Li Daguang, a military expert at the University of National Defense, ruled out the possibility of any immediate adjustment in the allocation of military regions.

“Relevant discussions have been ongoing for several years. But none of the proposals are mature enough,” Li told the Global Times, citing the complexity of reforming the system.

“The existing system has been in accordance with the national defense situation of China, which pursues a national defense policy that is purely defensive in nature,” Li argued.

The 2.3 million-strong PLA, under the top command of the Central Military Commission, oversees seven military regions nationwide as administrative headquarters responsible for making plans for troop development, commanding joint operations of different armed forces and guaranteeing joint logistics in several provinces.

Chen Zhou, a researcher with the Chinese Academy of Military Sciences, noted that the division of China's military regions is based on administrative divisions, geographic locations, directions of strategic campaign and combat missions.

“The allocation of military regions usually changes with the troops' development and domestic and external environments,” Chen noted.

In private talks, military personnel were often heard talking about the urgency of a reform, as the current divide of seven military regions “appears to be redundant,” and “not up to the demand of modern military mobilization or deployment.”

The views were reflected in heated discussions among military aficionados on the Internet. A Web user wrote on a military forum that the army has been the main decision power in each military region, while the navy and air forces were always sidelined, which the user said isn't good for the military modernization of China.

Some Web users also doubted the efficiency of the division system, as the coordination among several regions is quite inconvenient.

However, military insiders told the Global Times that a major reform is hard to formulate, as the combination of some regions will mean the move of too many personnel and facilities, which might cause problems.

There have been several adjustments in the division of military regions since the foundation of the People's Republic of China.

Originally, six military regions were established in 1950. That number rose to 13 in the late 1950s and was reduced to 11 in 1968. Mao Zedong, the former leader of China, decided to exchange the positions of commanders in eight military regions in 1973. The current divide of seven regions dates back to 1985 when the country initiated a major demobilization of a million servicemen.
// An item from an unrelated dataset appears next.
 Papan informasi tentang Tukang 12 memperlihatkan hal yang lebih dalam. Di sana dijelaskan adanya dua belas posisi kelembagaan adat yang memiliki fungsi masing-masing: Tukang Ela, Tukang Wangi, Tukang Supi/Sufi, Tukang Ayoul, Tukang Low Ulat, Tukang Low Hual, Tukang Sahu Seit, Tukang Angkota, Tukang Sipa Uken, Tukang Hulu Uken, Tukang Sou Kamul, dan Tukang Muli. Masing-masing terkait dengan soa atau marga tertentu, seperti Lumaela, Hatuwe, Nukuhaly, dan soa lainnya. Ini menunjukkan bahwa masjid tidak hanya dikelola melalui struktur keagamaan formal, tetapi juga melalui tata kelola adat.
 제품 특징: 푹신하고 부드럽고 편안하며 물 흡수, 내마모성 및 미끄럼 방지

In another development, the official bilingual website of the Ministry of National Defense (MND) is expected to launch tomorrow, on the Chinese Army's 82nd birthday. The site is meant to be a channel for China to express and elaborate its military policy and release information of activities.

Admiral Timothy Keating, commander of the US forces in the Pacific region, praised the move Tuesday.

“This goes with our desire for more transparency and better understanding of Chinese military intentions,” Keating said.

On Tuesday, the military also offered 90 foreign journalists a visit to its Third Guard Division, a motorized infantry force that safeguards Beijing. The move was interpreted by Reuters as China's military cautiously trying out new openness.

Rear Admiral Yang Yi, a senior military expert at the University of National Defense, said the army is displaying increased confidence, transparency and openness by a series of military exchanges and diplomatic activities.

“It is conducive for China to convey its message of peaceful development and gradually dispel concerns about its military intentions from its Asian neighbors and Washington,” Yang said.